__PROBLEM DESCRIPTION__
Leaving out all pictures, return exactly the lines from the one that contains "6. Fold in the" through the end of the data below.
═════ RECORDS FOR THE EXERCISE
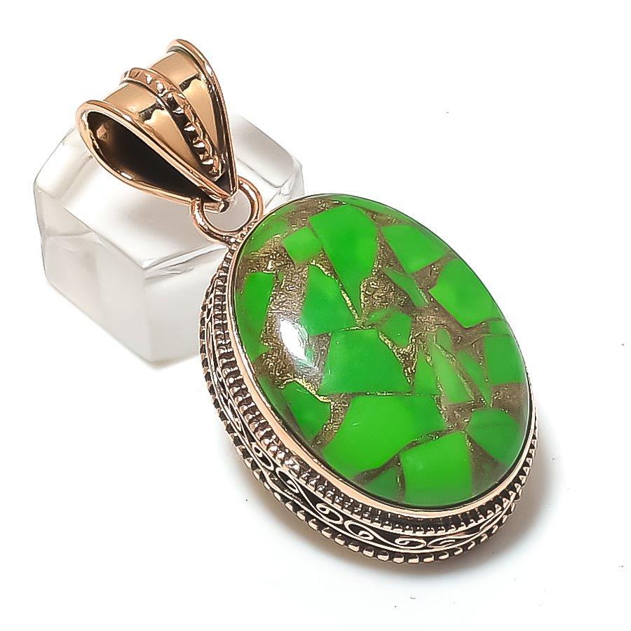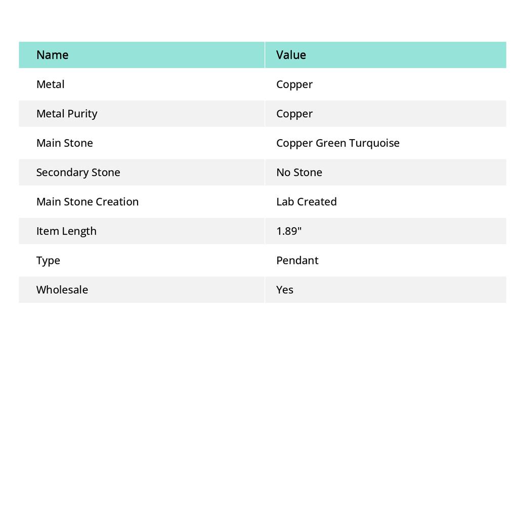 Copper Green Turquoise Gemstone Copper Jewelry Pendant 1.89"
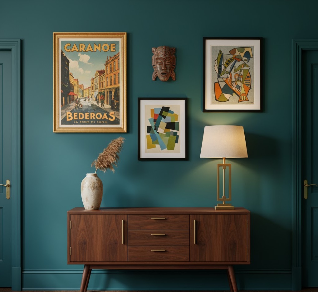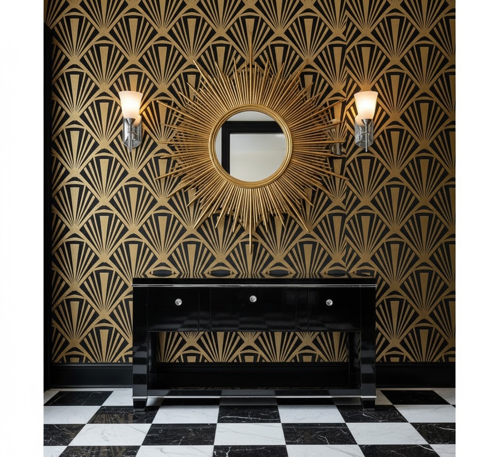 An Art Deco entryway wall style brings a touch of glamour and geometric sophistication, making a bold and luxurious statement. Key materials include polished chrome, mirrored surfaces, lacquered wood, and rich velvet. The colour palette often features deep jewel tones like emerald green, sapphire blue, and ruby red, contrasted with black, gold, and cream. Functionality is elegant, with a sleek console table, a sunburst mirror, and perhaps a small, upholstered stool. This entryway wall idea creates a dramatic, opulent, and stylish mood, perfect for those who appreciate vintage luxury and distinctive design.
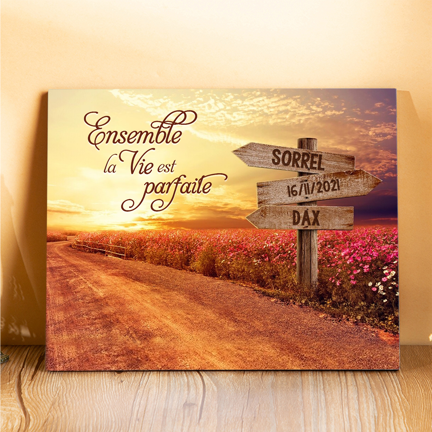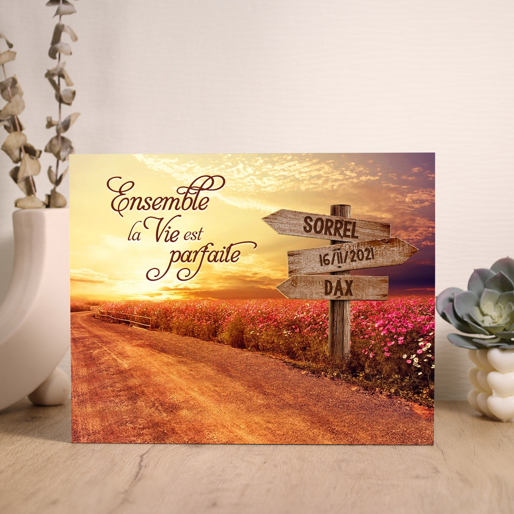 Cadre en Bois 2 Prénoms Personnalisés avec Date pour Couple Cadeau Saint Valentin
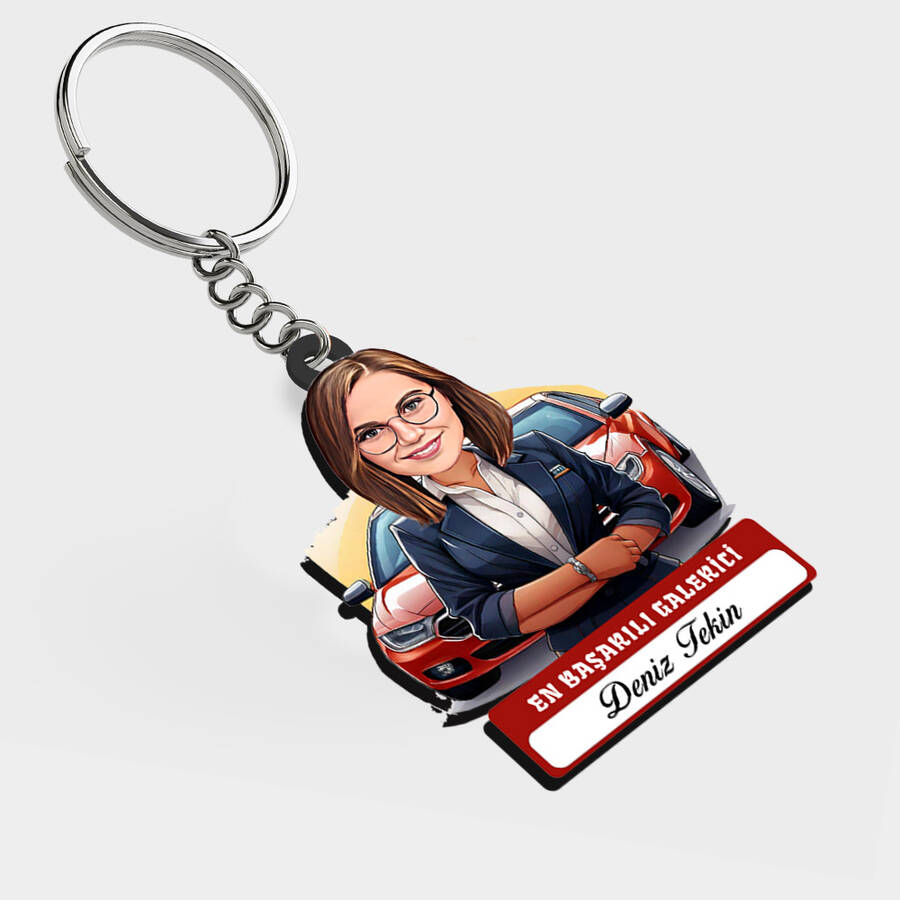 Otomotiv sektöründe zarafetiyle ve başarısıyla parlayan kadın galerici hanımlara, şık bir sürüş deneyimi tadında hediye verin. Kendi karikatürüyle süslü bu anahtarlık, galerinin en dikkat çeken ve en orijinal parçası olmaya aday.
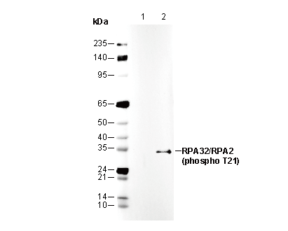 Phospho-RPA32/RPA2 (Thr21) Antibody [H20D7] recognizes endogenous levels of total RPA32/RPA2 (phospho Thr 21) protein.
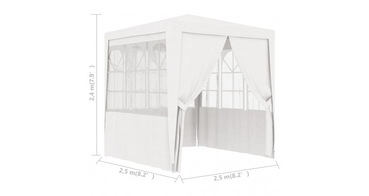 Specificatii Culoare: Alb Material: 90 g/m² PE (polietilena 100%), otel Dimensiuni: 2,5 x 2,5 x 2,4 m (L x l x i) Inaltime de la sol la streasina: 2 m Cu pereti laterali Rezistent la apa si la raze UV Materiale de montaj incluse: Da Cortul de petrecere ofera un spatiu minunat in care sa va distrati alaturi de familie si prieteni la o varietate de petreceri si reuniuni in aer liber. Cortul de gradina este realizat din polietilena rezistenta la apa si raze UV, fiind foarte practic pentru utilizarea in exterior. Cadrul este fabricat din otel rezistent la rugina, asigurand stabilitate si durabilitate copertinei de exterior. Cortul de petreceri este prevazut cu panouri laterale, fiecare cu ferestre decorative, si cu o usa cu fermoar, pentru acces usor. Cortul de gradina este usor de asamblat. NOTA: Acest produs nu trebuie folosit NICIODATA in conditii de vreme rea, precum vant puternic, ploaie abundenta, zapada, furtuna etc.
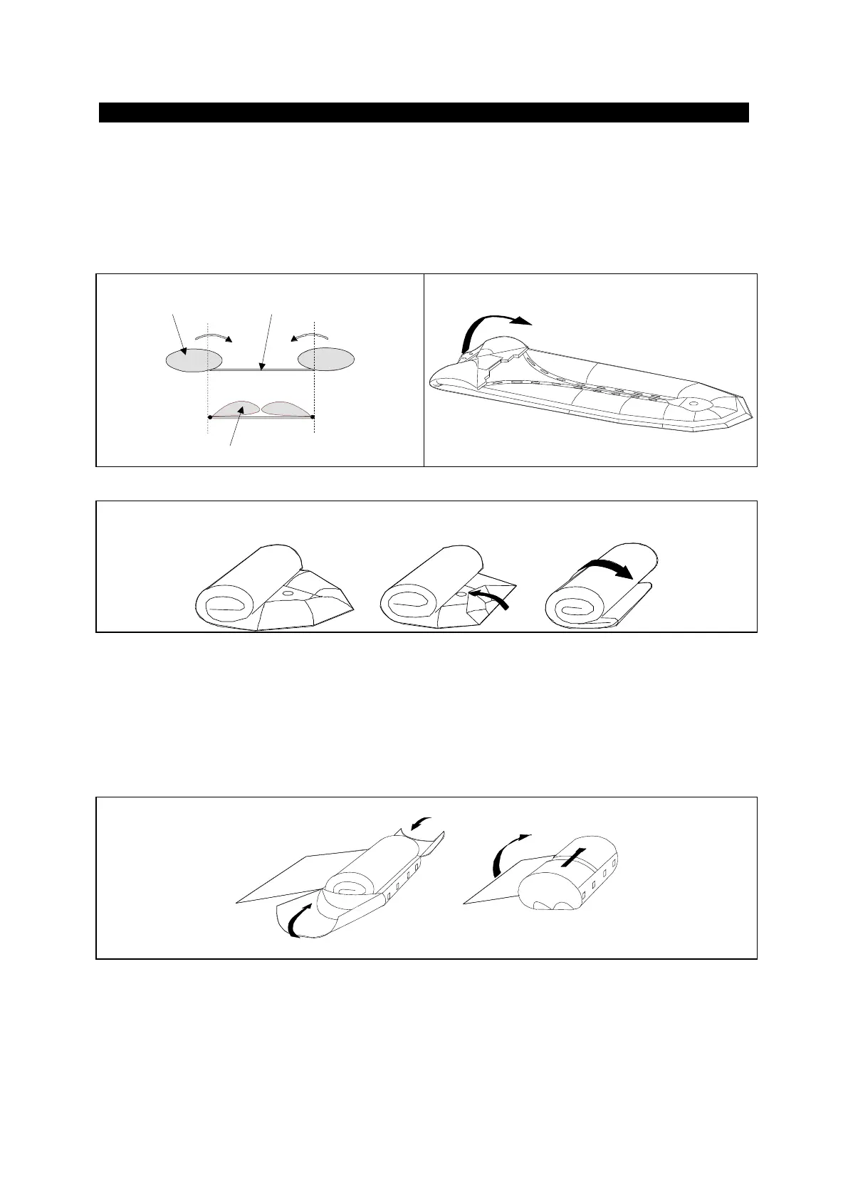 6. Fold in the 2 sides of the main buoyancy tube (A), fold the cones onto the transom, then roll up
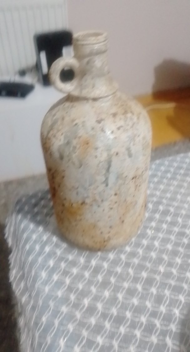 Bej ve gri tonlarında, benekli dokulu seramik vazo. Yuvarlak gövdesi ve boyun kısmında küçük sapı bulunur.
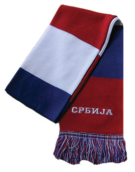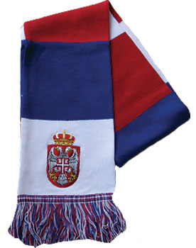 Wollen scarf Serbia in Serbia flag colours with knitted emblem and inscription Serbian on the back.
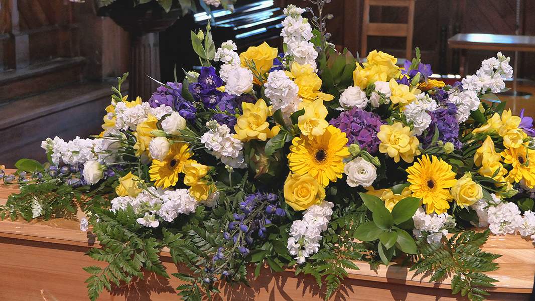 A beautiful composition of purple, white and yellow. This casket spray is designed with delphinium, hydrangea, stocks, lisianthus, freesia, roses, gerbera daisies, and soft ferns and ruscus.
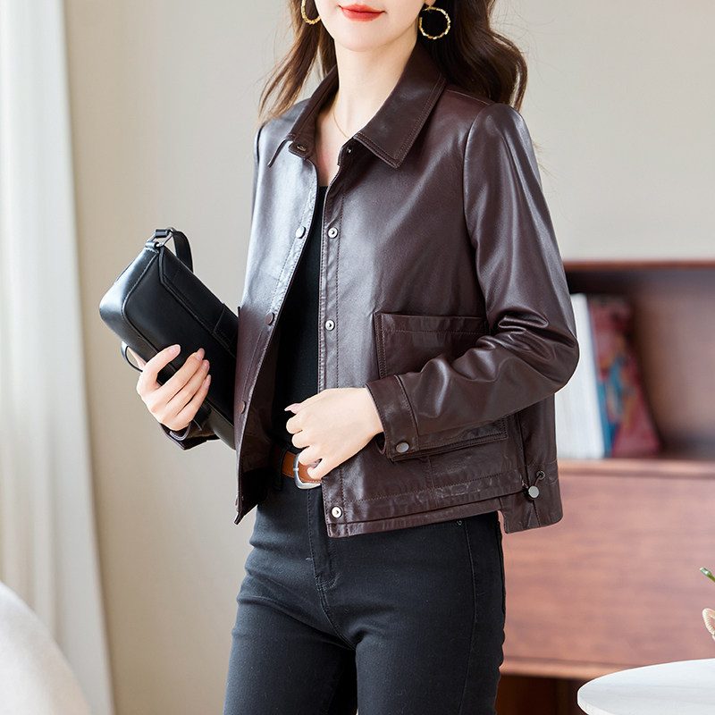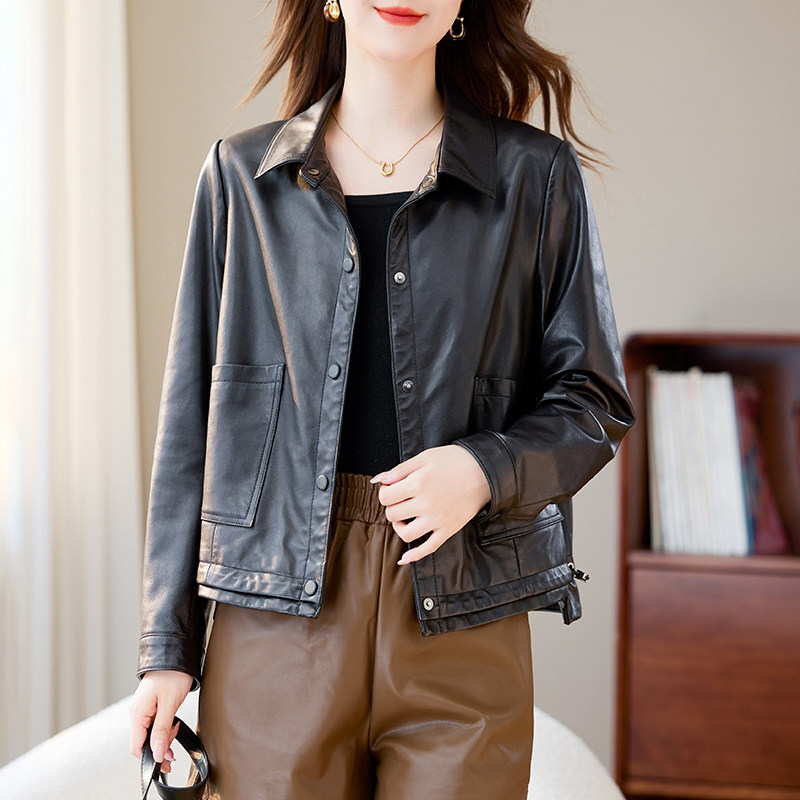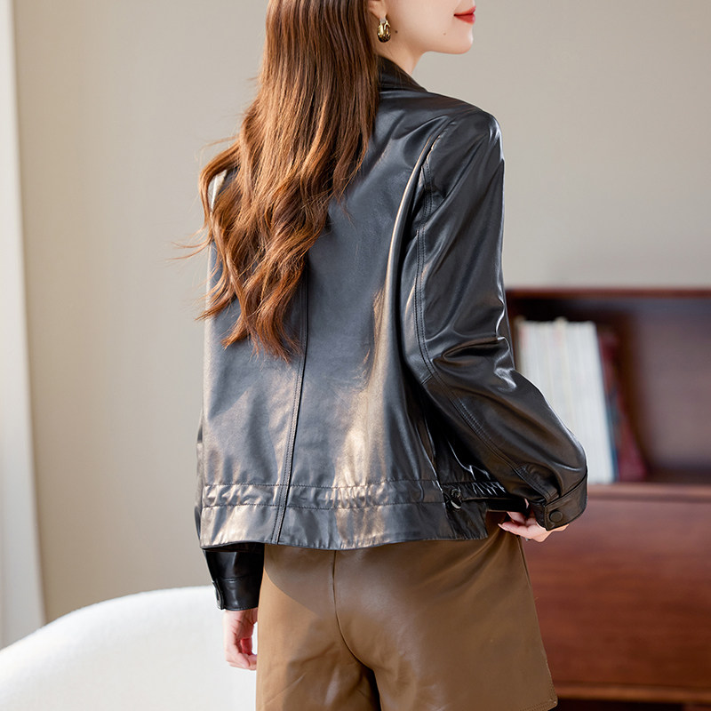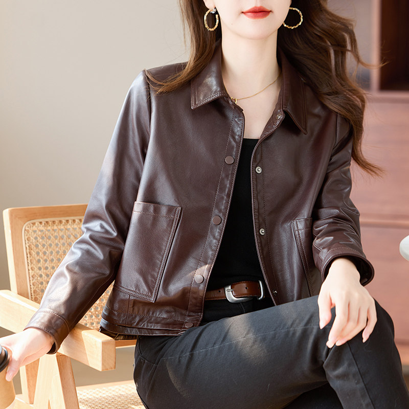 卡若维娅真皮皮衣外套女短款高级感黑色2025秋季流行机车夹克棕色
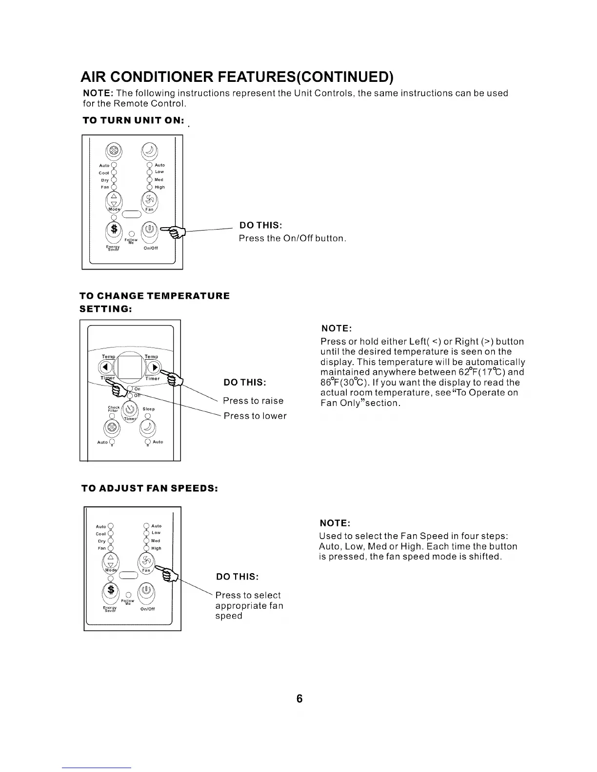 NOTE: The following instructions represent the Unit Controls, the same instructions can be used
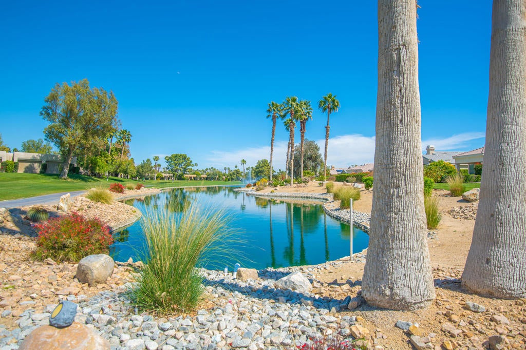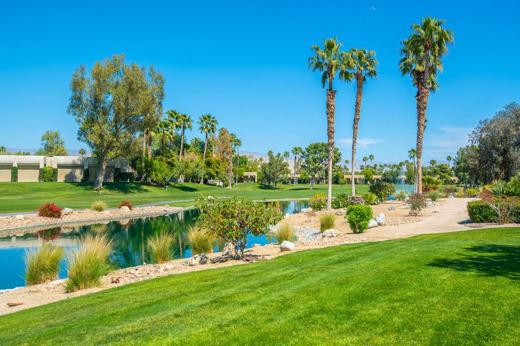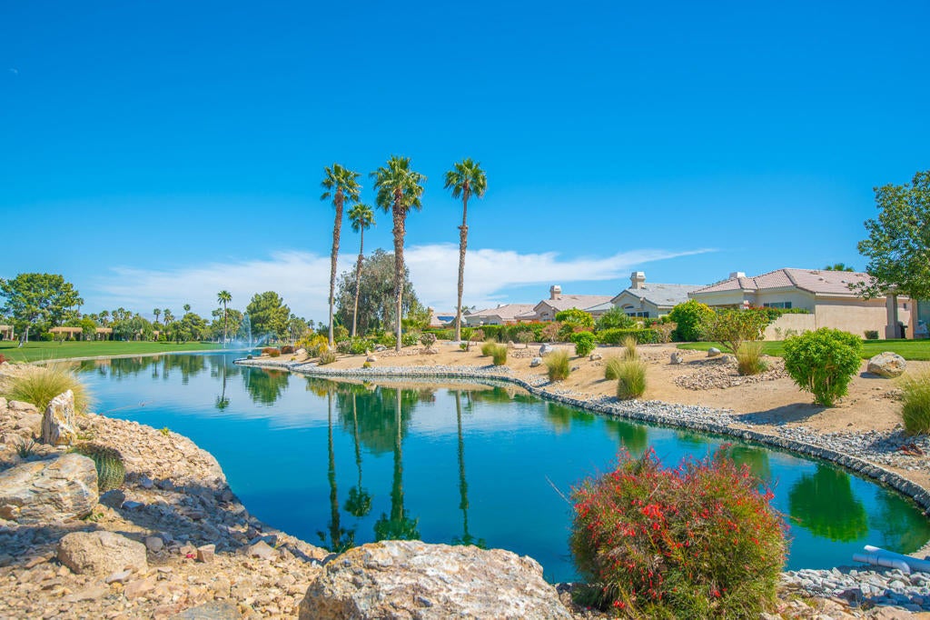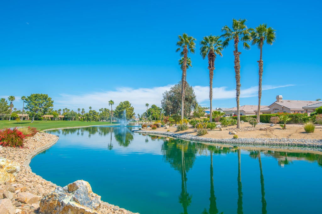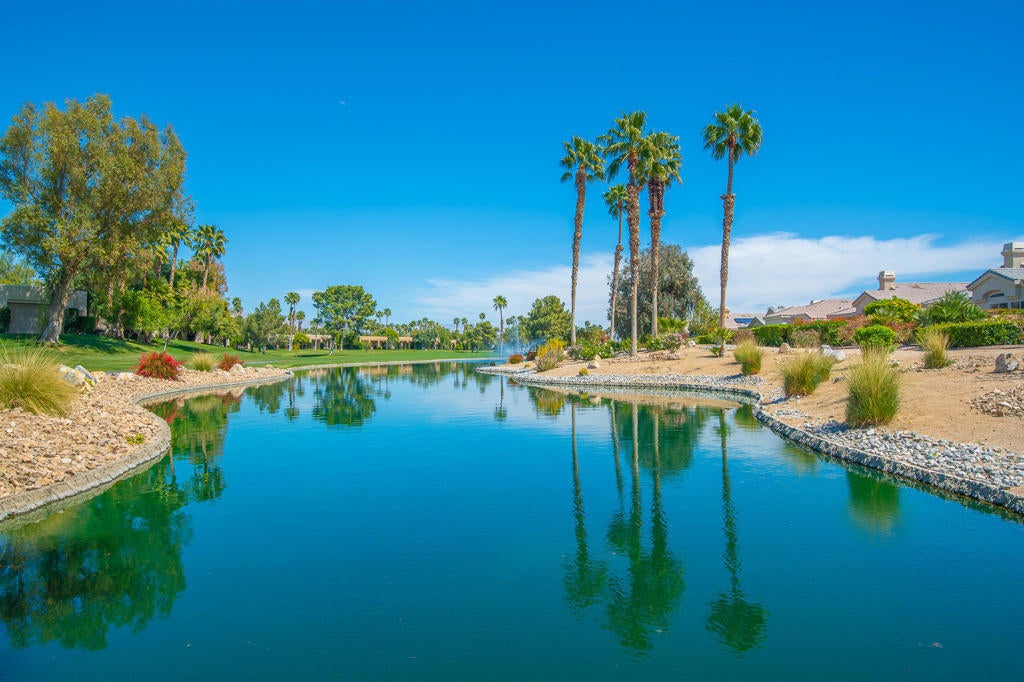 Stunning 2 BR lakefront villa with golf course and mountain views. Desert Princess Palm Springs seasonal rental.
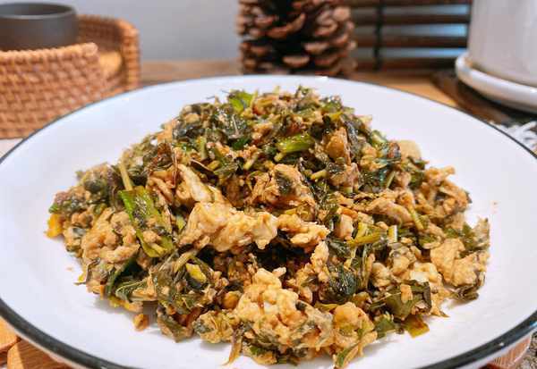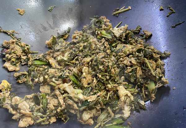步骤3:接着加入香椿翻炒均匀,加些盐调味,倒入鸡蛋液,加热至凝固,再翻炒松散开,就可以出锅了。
══════════
__ANSWER TO THIS TASK__
 6. Fold in the 2 sides of the main buoyancy tube (A), fold the cones onto the transom, then roll up
 Bej ve gri tonlarında, benekli dokulu seramik vazo. Yuvarlak gövdesi ve boyun kısmında küçük sapı bulunur.
 Wollen scarf Serbia in Serbia flag colours with knitted emblem and inscription Serbian on the back.
 A beautiful composition of purple, white and yellow. This casket spray is designed with delphinium, hydrangea, stocks, lisianthus, freesia, roses, gerbera daisies, and soft ferns and ruscus.
 卡若维娅真皮皮衣外套女短款高级感黑色2025秋季流行机车夹克棕色
 NOTE: The following instructions represent the Unit Controls, the same instructions can be used
 Stunning 2 BR lakefront villa with golf course and mountain views. Desert Princess Palm Springs seasonal rental.
步骤3:接着加入香椿翻炒均匀,加些盐调味,倒入鸡蛋液,加热至凝固,再翻炒松散开,就可以出锅了。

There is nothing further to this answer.